- _About this exercise_
Start to finish, print the data below exactly, without the images.

─── Given material ───

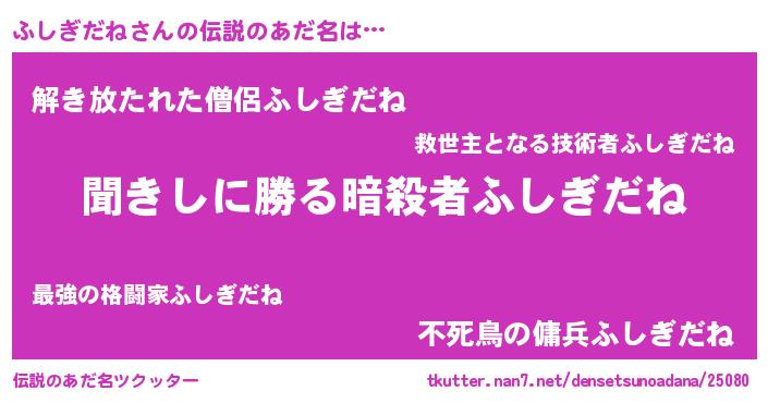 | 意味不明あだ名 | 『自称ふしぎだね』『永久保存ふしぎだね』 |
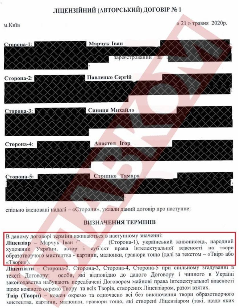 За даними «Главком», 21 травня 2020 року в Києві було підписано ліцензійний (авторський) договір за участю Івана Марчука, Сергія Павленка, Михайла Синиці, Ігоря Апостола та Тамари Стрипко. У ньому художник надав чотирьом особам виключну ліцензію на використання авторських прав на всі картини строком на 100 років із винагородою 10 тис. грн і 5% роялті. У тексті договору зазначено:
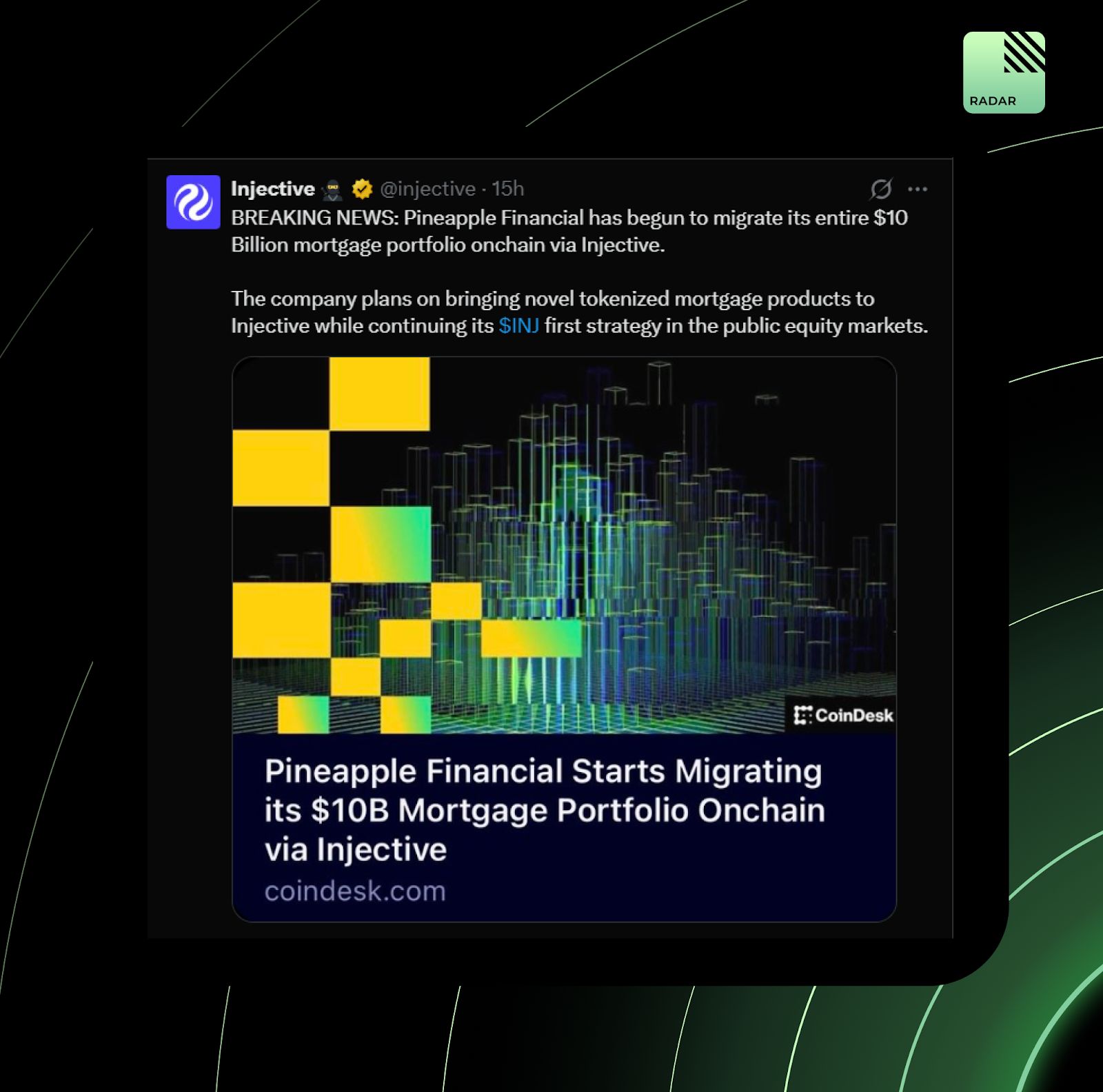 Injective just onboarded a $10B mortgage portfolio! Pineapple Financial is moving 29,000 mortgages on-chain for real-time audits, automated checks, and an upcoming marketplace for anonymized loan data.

───

- _Response_
 | 意味不明あだ名 | 『自称ふしぎだね』『永久保存ふしぎだね』 |
 За даними «Главком», 21 травня 2020 року в Києві було підписано ліцензійний (авторський) договір за участю Івана Марчука, Сергія Павленка, Михайла Синиці, Ігоря Апостола та Тамари Стрипко. У ньому художник надав чотирьом особам виключну ліцензію на використання авторських прав на всі картини строком на 100 років із винагородою 10 тис. грн і 5% роялті. У тексті договору зазначено:
 Injective just onboarded a $10B mortgage portfolio! Pineapple Financial is moving 29,000 mortgages on-chain for real-time audits, automated checks, and an upcoming marketplace for anonymized loan data.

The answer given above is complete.